Парень пошло ухмыльнулся:
- Не зна-а-аю… Конечно, все может быть. Но, вообще-то, если верить хозяину магической лавки, рабский контракт он купил на пятьдесят лет.
Вот как, на пятьдесят лет? Как-то странно. Слишком долго для любовных забав, за пятьдесят лет любой партнер надоест. Интересно, что бы это значило?
- Что еще за раб, кто такой? Ты выяснил?
Шпион слегка увял.
- Нет. Нуар встретил его в аэропорту, тут же посадил в машину и увез. У меня просто не было времени что-то выяснить. Могу сказать только как выглядит, и то лишь в общих чертах. Там была такая толпа, я не смог подобраться близко. Молодой парень, высокий, симпатичный, стройный. И двигается… как будто танцует. Как эльф. Если бы не черные волосы, я бы сказал, что он и есть эльф. Хотя, тоже полностью не уверен, уши я издалека не разглядел.

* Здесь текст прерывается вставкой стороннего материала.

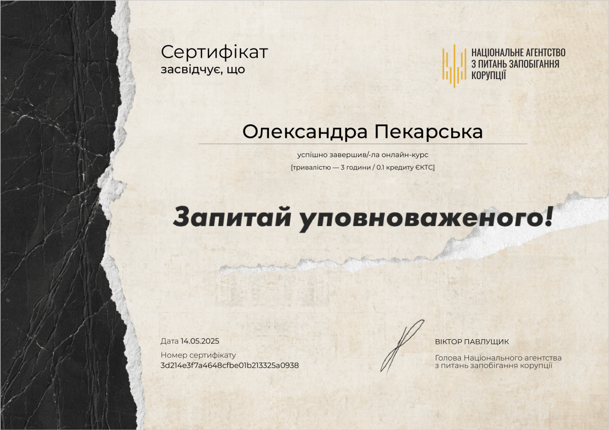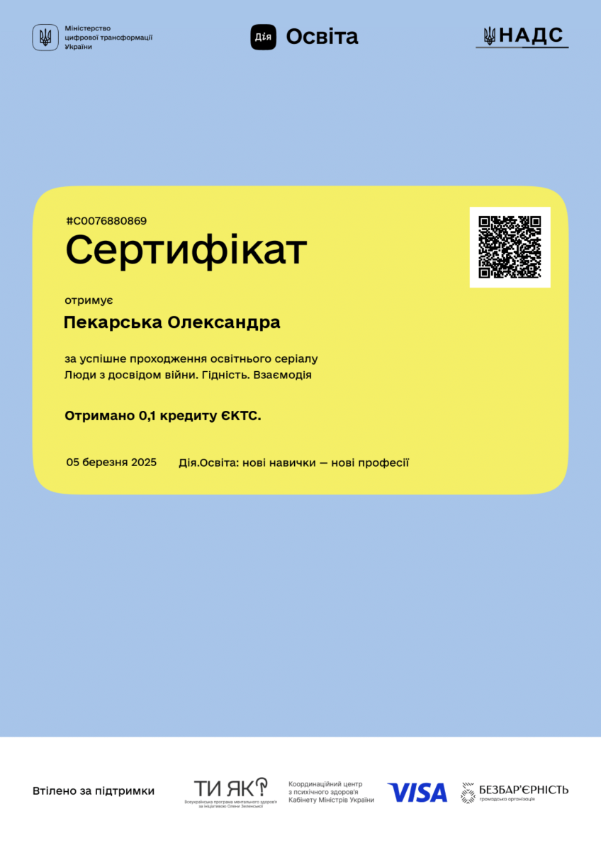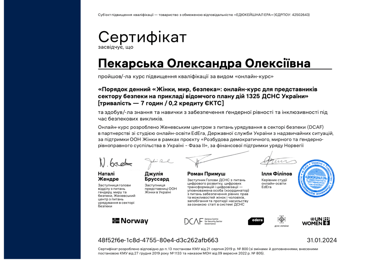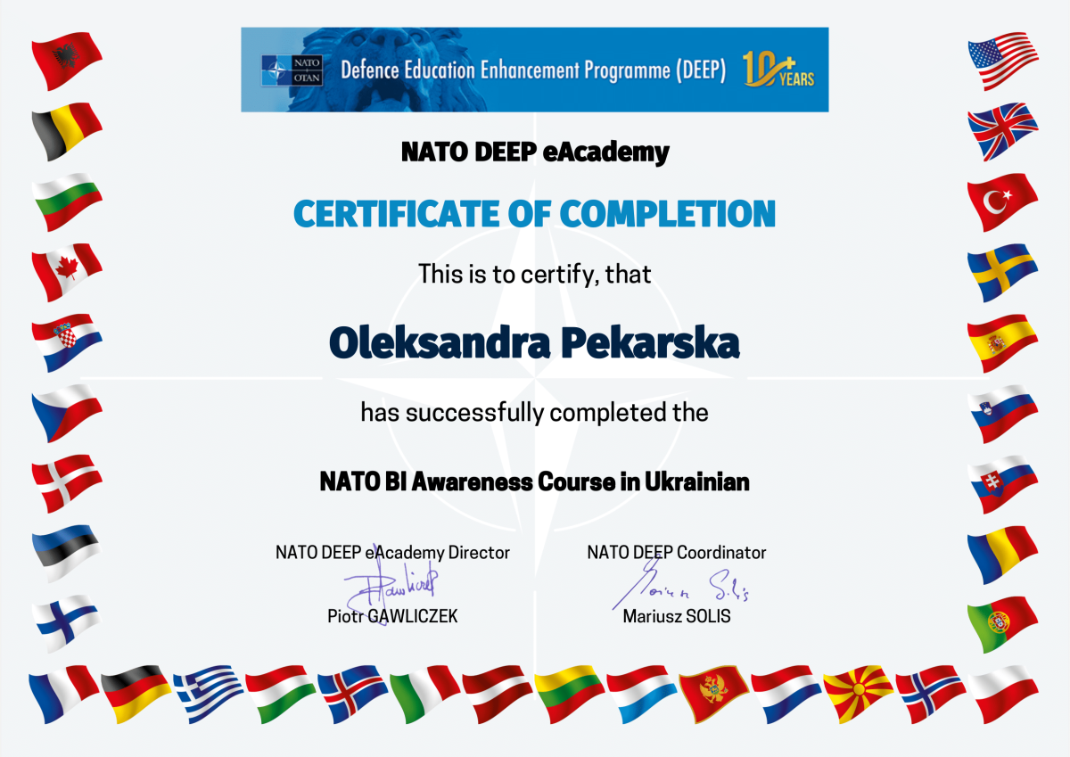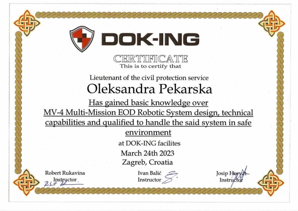 2023 р. - Отримала базові знання про конструкцію роботизованої системи MV-4 Multi-Mission EOD, технічні можливості та кваліфікацію для роботи з цією системою в безпечному середовищі на обладнанні DOK-ING;
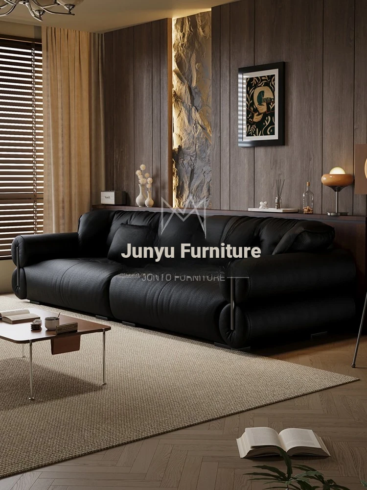 Italian Luxury Minimalist Black Sugar Cloud Sofa - Premium Top-Grain Leather, Perfect for Modern Small Spaces, Featuring Chic Velvet Touch and Cozy Down Fill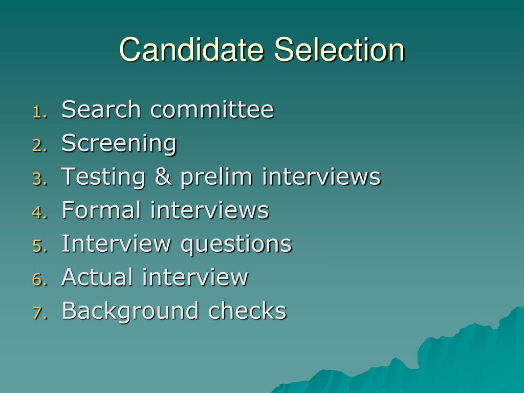 Candidate Selection Search committee Screening Testing & prelim interviews Formal interviews Interview questions Actual interview Background checks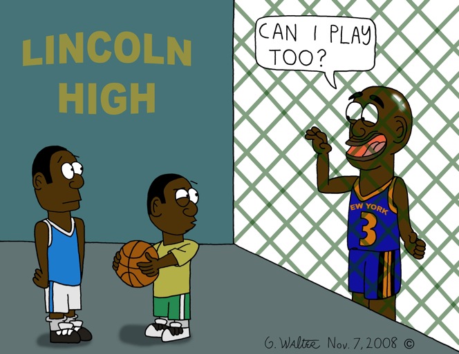 Having apparently been permanently benched by the Knicks, Stephon Marbury is apparently thinking about playing with his old high school basketball team from Brooklyn. You just have to wonder what the reaction would be to Marbury returning to his old stomping grounds. I did toy with the idea of having him be part of the old “picking players” routine from the schoolyard, but decided it had been done so many times before, and Steph asking if he could play just was irresistible.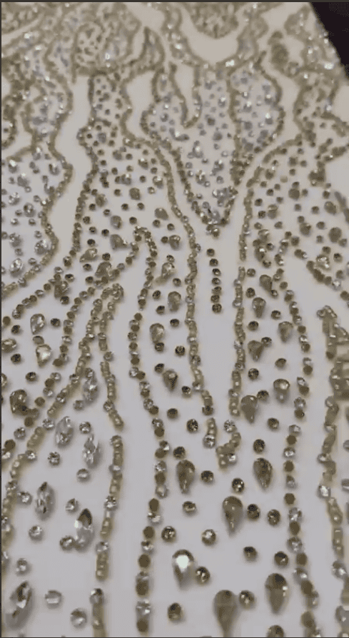 This exquisite embellished fabric is the perfect blend of artistry and luxury, crafted to turn every design into a breathtaking statement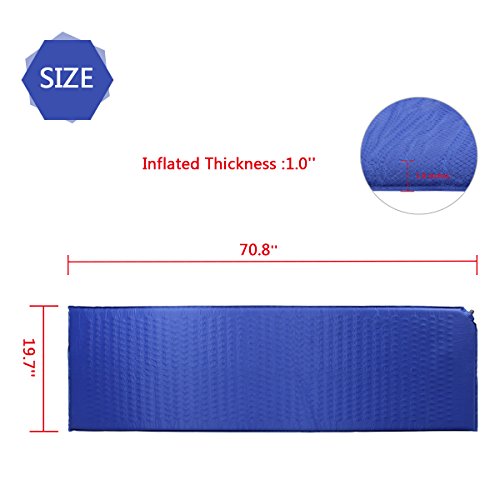 Unfolded area: 70.8" x 19.6", Thickness: 1.0", Carrying bag size: D 5.9" x L 11.0", Weight: 2.2lb. Lightweight and portable. Automatic inflatable.

- Почему ты решил, что это он?
- А больше некому. Все остальные контакты – по службе.
- Куда он его повез?
- Точно не скажу, но думаю, что в свой замок. Что-то он туда зачастил.

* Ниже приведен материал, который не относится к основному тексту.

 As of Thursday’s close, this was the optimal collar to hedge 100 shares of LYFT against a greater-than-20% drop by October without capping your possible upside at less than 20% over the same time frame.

- А поднять задницу и съездить проверить не судьба была?
- Я не думал, что это так важно…
Ну, конечно, не думал. Просто поленился, скотина. Разумеется, таскаться за Сабзиро по кабакам и борделям Филиасполиса куда приятней, тем более, что расходы по слежке оплачивает работодатель, то есть, он.
- А что ты думал? Что мне гораздо важнее знать, с кем капитан Нуар ходит в столовую? Немедленно съезди и все выясни. И постарайся проникнуть в замок, посмотри, что там у них и как.
Он поднялся из кресла, достал из кармана ветровки конверт с трехмесячным жалованьем наблюдателя, небрежно бросил на стол.
- Как только что-нибудь выяснишь, пошлешь сообщение. Я потом перезвоню, договоримся о встрече.
Шпион схватил конверт, заглянул, наметанным глазом определил размер вознаграждения и разочарованно протянул:
- Как обычно… Добавили бы что ли. За экстренные обстоятельства.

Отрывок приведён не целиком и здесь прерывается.